The roller base 13 is integrally formed with the flange 11 with a material having a relatively high thermal conductivity and linear expansion coefficient, and is rotatably supported by bearings 12 at both ends. The heating element 14 arranged inside the roller base 13 is composed of three independent halogen heaters 14a (main heater), 14b (sub heater F), 14c (sub heater R), and is mechanically fixed to the apparatus side plate. ing. The heater 14 a (main heater) has a heat generating portion in a region inside the both ends in the width direction centering on the center in the width direction of the fixing belt 1, and the heater 14 b (sub-heater F) is one end in the width direction of the fixing belt 1. The heater 14 c (sub-heater R) has a heat generating portion in a region near the other end in the width direction of the fixing belt 1. Then, all the heaters 14 a, 14 b, 14 c are energized to generate heat, and the temperature of the fixing belt 1 is raised to nearly 200 ° C. via the roller base material 13. At this time, the roller base 13 is thermally expanded at the heat generating portion of each heater. For example, if the outer diameter of the driven roller 3 is φ20 mm and the material of the roller base 13 is zinc die casting, the outer diameter of the driven roller 3 is about φ21.3 mm (Zn linear expansion coefficient is 33 × 10 ^{– 5} / ° C.).

  On the other hand, when the fixing belt 1 is rotated and moved to continue the fixing operation, the fixing belt 1 is shifted in the width direction due to various factors. A sensor 6 shown in FIG. 4 is a photo interrupter, and detects a state in which the fixing belt 1 approaches a predetermined amount in the width direction.

  In the above configuration, FIG. 1 shows a belt shift control state when a shift of the fixing belt 1 is detected. In FIG. 1, when a shift in the left direction in the figure is detected while all the heaters 14 are heated. The energization of the heater 14c (sub heater R) in the right direction in the figure is stopped by a control unit (not shown). At this time, if the roller temperature near 200 ° C. is reduced by about 20 ° C. in the vicinity of the heater 14c in other regions, the outer diameter of the driven roller 3 has a gradient of 120 to 130 μm.

  FIG. 5 shows the relationship between the forces received by the fixing belt 1 in a state where the gradient of the outer diameter of the driven roller 3 is generated.

  The fixing belt 1 receives a uniform force F in the normal direction of the roller surface in the belt width region, but in the same figure, due to the gradient of the surface of the driven roller 3 formed by the difference in thermal expansion between the heating part and the non-heating part, A force that moves the belt in the width direction acts in the middle-up direction.

  On the other hand, if the friction coefficients of the fixing belt 1 and the driven roller 3 are different in the belt width direction, a force that opposes the action direction may be applied.

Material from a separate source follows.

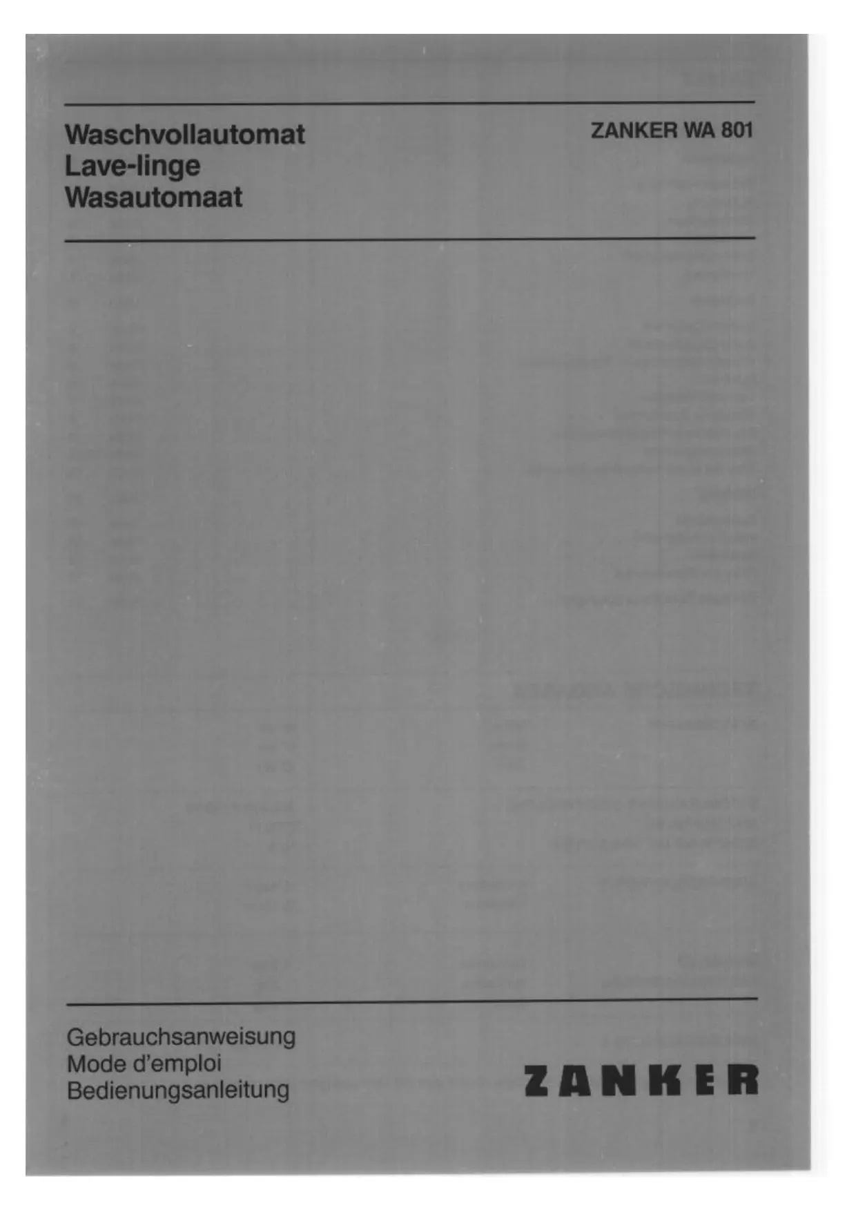Retrouvez gratuitement la notice de l'appareil WA801 ZANKER au format PDF.

However, when the roller diameter is varied by heat as in the present invention, the friction is reduced. There is no significant change in the coefficient, and the belt offset force is governed by the acting force in the normal direction of the roller surface.

  In this embodiment, a halogen heater is used as the heating element. However, a ceramic heater or an electromagnetic induction heating element may be divided in the belt width direction.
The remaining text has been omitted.